All of which are fundamental questions that we have to go to the text about to determine and demonstrate, but we’re looking for relevance in his argument, so we continue,
Christians, by these contradictions, show a fundamental lack of unity, and for a body who collectively claim to hold in their possession the most important revelation in human history, such a lack of consensus on what “true Christianity” is, fundamentally undermines their claims.
Alright, so we’re beginning to see the problem: that because Christians, and even psuedo-Christians, hold contrary positions on matters, that this somehow undermines what we claim. Let’s put the shoe on the other foot: if atheists disagree over fundamental concepts and claims, does that undermine his position? If he were to be consistent, he would have to answer in the affirmative. So we continue,
Supposing a person does believe in God, in the bible, and in Jesus of Nazareth and the Christian truth. How do any such people know which interpretation is the true one? How do they come to the conclusion that they’ve got it right?
Legitimate questions, every one. I’ve been in three different denominations, I started as a Presbyterian, spent time in a Methodist Church, and finally wound up as a Baptist. I could easily be any of the other, but it came down to reading the Bible and doing a little historical and doctrinal leg work to conclude which one had the better, more biblical arguments. I think that the Presbyterians and Methodists are wrong on infant baptism and elements of church government. If I moved somewhere where there wasn’t a Baptist Church, I would look for a solid Presbyterian or Methodist. But, Sean touches on something,
If Christians can’t establish which denomination is actually correct, what does it matter if a person chooses any one denomination over the other?

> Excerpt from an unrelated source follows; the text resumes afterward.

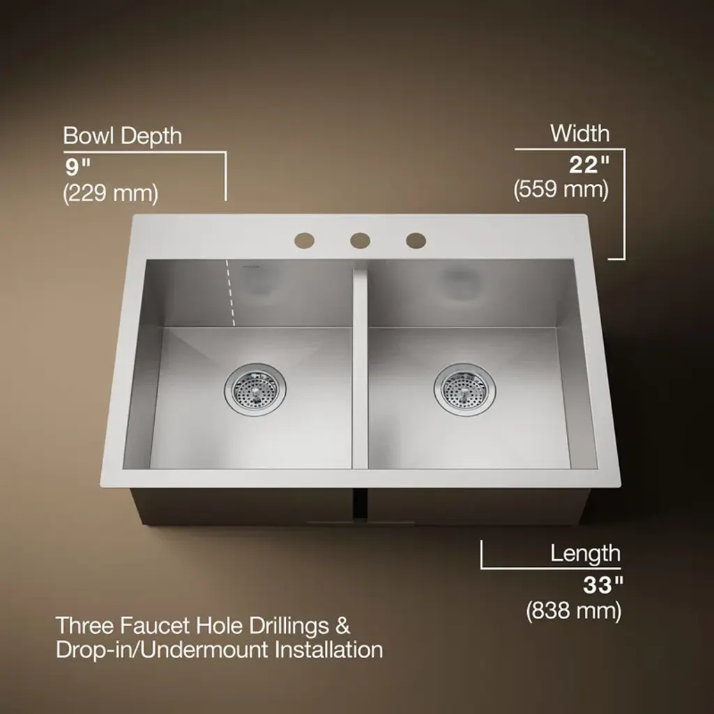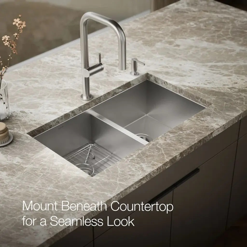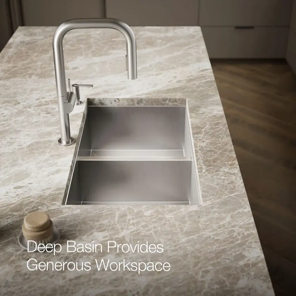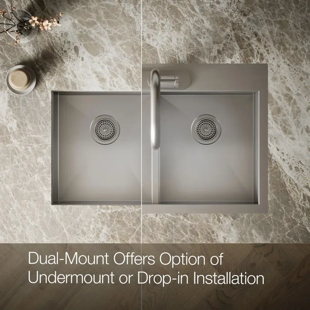 The distinctive, modern design of the Vault™ sink lends a contemporary vibe to your kitchen. Handcrafted from durable stainless steel, this dual-mount sink features a lowered divider, tightly angled corners to maximize basin space, and a sloped bottom that helps with draining and cleanup. An engineered sound absorption system significantly reduces disposal and dishwashing noise. Vault™'s ultra-flat rim makes it easy to wipe from the counter directly into the sink.

This is calling for certainty over consistency.
I disagree with my Presbyterian and Methodist brothers and sisters, heck, I disagree with my Baptist ones too, disagreement just makes things interesting. But,to say that it doesn’t matter is to engage in hasty generalization. I would not necessarily throw my Church of Christ and Church of God brothers and sisters under the bus of heresy, but they have doctrines that are, well, definitely concerning, and definitely sub-biblical. The church should be a church that embraces the Reformation and the thoughts that came out of it to get us back to the truth of Scripture, since it is our authority and sole and infallible rule of faith (sola Scriptura), and that is the standard by which the believer is to make judgement. Sean does seem to understand this, as he notes,
For Christians, there are the obvious theological problems with this question, the most obvious one being that, to a Christian, it matters for their salvation whether they’ve “gotten it right” or not. If they believe a heresy, they might not get to heaven. But if they cannot establish any significant agreement on which teachings are heresy and which aren’t, then even if it does in fact matter for a person’s salvation which denominational beliefs they hold, it’s irrelevant, because they can’t establish for certain which denominational beliefs are the right ones.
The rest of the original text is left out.